When studying the relationship between two events or phenomena, the first step is to determine whether or not there is an association between the two. However, the existence of a statistical relationship (i.e. a probabilistic measure of association) does not provide information about direction or sequence of events. An association between the presence of micro-organisms in the amniotic cavity and the occurrence of preterm delivery (in patients in preterm labour), for example, does not mean that micro-organisms were there before preterm labour began and that they were the cause of preterm birth. An association may be related to chance, bias, or confounding factors. Chance may be responsible for a fortuitous relationship, and replication and statistical analysis are used to exclude that type of association. Biases are systematic errors introduced into studies which may be responsible for distortion of the results. A confounding factor is an independent variable that causes change in the dependent variable and that varies systematically with the variable under study. The exclusion of the effect of biases and confounding factors is not the province of statistics, but of the architecture and design of studies.

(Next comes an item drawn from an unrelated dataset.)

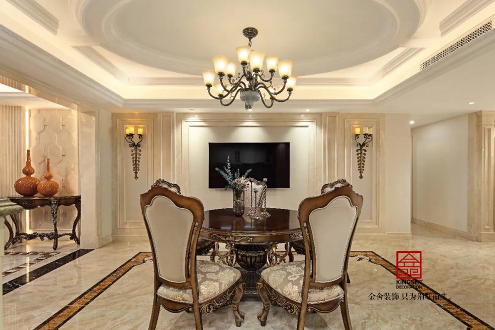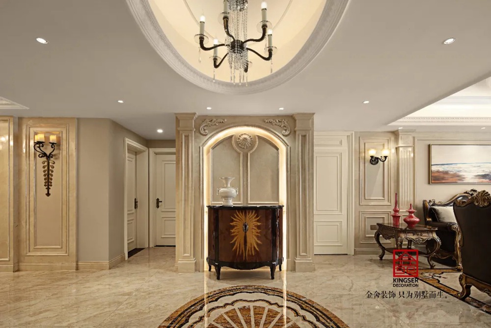 此案例為石家莊金舍裝飾-御河上院220平米歐式風(fēng)格裝修實(shí)景。對于歐式的風(fēng)格來說,元素的運(yùn)用大部分出自于之前的宮廷,從凡爾賽宮到各種歐倫古堡,近千年來的輝煌締造了不斷衍生的文明和欣欣向榮的文化。

Clinical epidemiologists use several criteria to determine whether an association is likely to be causal in nature. Table 3 displays the hierarchy and strength of different cause-and-effect criteria proposed by Sackett et al.117 These criteria are based on a classic paper by Sir Bradford Hill given as his presidential address before the Section of Occupational Medicine of the Royal Society of Medicine in 1965.118 We now will apply the epidemiological criteria displayed in Table 3 to the association of preterm labour and infection.

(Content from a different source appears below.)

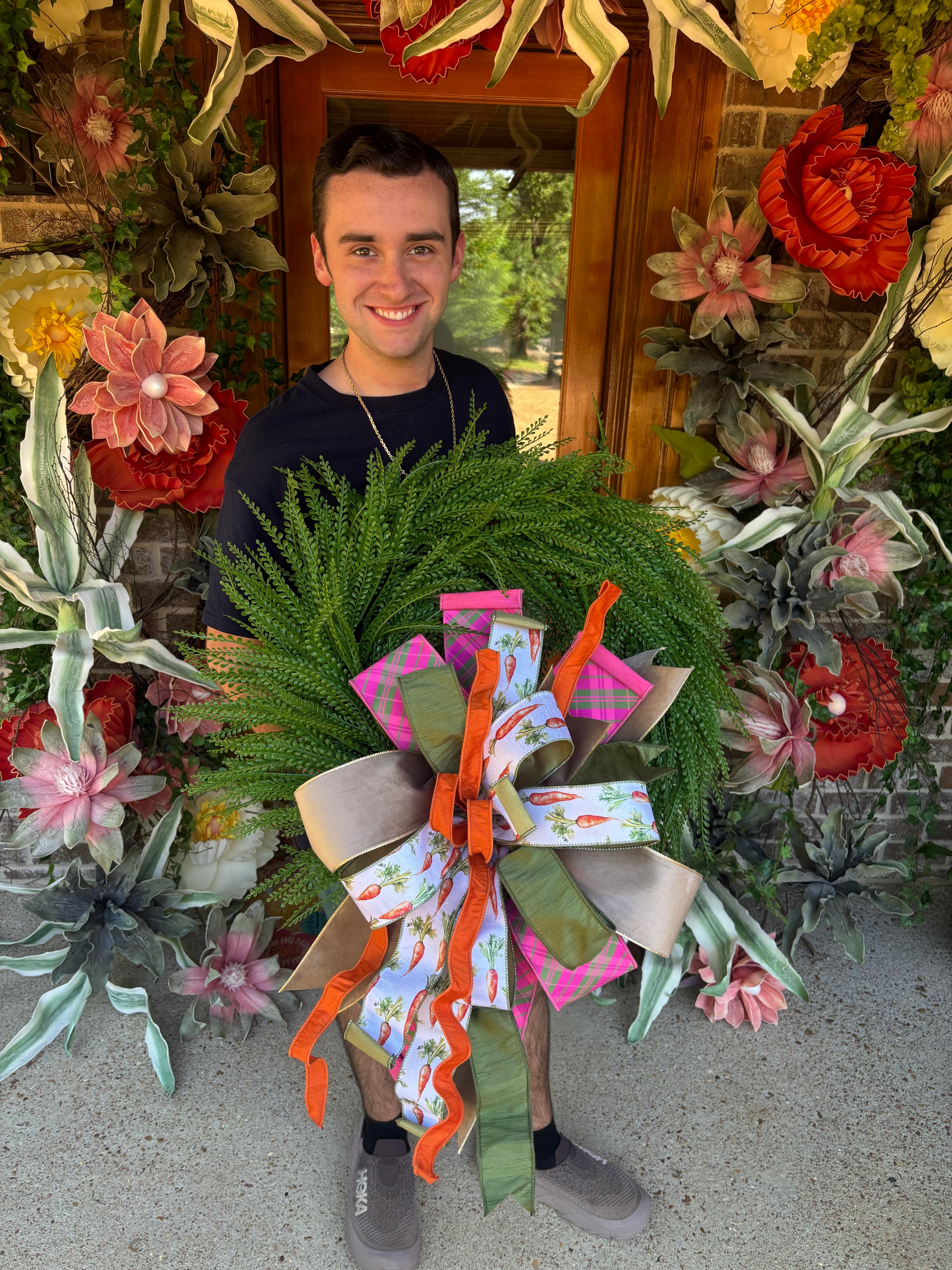 This is a JG custom designed door hanger! All Wreaths are made with high end permanent botanicals, designer wired ribbons, and quality accents. All wreaths are custom, so no 2 are exactly the same! Each wreath is sprayed with UV protective sealer to protect against fading. This wreaths is approx 24inches wide.

Table 3.  Importance of individual diagnostic tests in making the causal decision Adapted from Sackett et al. A Basic Science for Clinical Medicine. Copyright 1985 David L. Sackett, R. Brian Haynes and Peter Tugwell. Published by Little, Brown & Co.Thumbnail image of

Biological sense

This criterion refers to the plausibility between the postulated cause and the effect (e.g. animal data, pathological data). We reviewed the evidence derived from animal experimentation in an earlier section. Collectively, this evidence indicates that intrauterine infection or the systemic administration of bacterial products can induce premature labour.

Specificity

This criterion describes the precision with which the occurrence of one phenomenon predicts the occurrence of another. The ideal is a one-to-one relationship, where a cause is both necessary and sufficient. Susser119 suggested that specificity is complete when one manifestation follows from only one cause. This type of specificity is not met in the context of premature labour because preterm delivery can and does occur without any microbiological and pathological evidence of infection/inflammation. Moreover, there are limited data in humans to determine the frequency with which an intrauterine infection will lead to premature labour.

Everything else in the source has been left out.